You may have noticed a pattern of the intervals alternating between true and false. Though this is a keen observation, the next example will prove this is not always the case!

EXAMPLE

Solve the inequality [latex]2x^2+8x+8 > 0[/latex].

Show Solution

Begin by solving for boundary values using the related equation:

[latex]\begin{align}2x^2+8x+8 &= 0\\ 2(x^2+4x+4) &= 0\\ 2(x+2)(x+2) &= 0\\ x+2 &= 0\\ x&=-2\end{align}[/latex]

There is only one boundary value of [latex] x=-2 [/latex] this time because the polynomial to factor was a perfect square trinomial.

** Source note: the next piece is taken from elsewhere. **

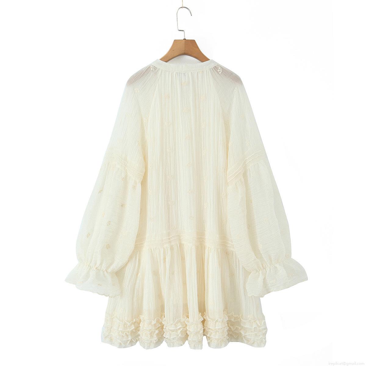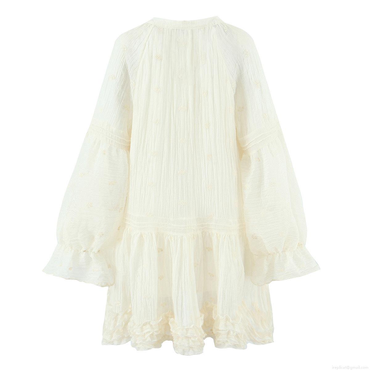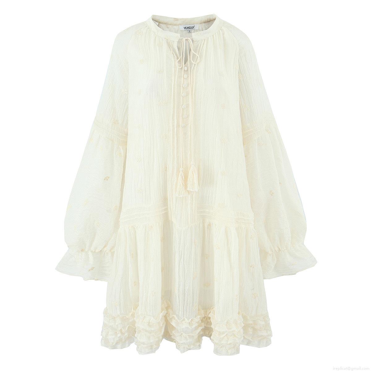 • Bohemian Women Embroidery Off-White Long Sleeve Dress With Tassel Flounced Hem Elegant Pleated Midi Dress For Summer Vacation Ladies

Our number line has only two intervals to test with one boundary value separating them.

Test [latex] -3 [/latex] from the left interval:  [latex] 2(-3)^2 + 8(-3) + 8 > 0 [/latex], or [latex] 2 > 0 [/latex] which is TRUE.

Test [latex] 0 [/latex] from the right interval:  [latex] 2(0)^2 + 8(0) + 8 > 0 [/latex], or [latex] 8 > 0 [/latex] which is TRUE.

Both intervals consist of solutions this time! The only number which is NOT a solution is the boundary value of [latex] x=-2 [/latex] since the inequality was strict. Thus the solution set is [latex] (-\infty, -2) \cup (-2, \infty) [/latex].

The boundary value and test point method for solving quadratic inequalities will be more generally useful for you in future math courses, where you may solve polynomial or rational inequalities.

Summary

A quadratic inequality can be solved by two different methods. First make sure [latex] 0 [/latex] is on one side of the inequality.

One method is to graph the corresponding parabola and determine for which [latex] x [/latex]-values the parabola is above or below the [latex] x [/latex]-axis.

The other method is to find the endpoints of the solution intervals, called boundary values, by turning the inequality into an equation and solving. Separate the number line into intervals using the boundary values. We can test each resulting interval using a test point to determine whether that interval is in the solution set or not.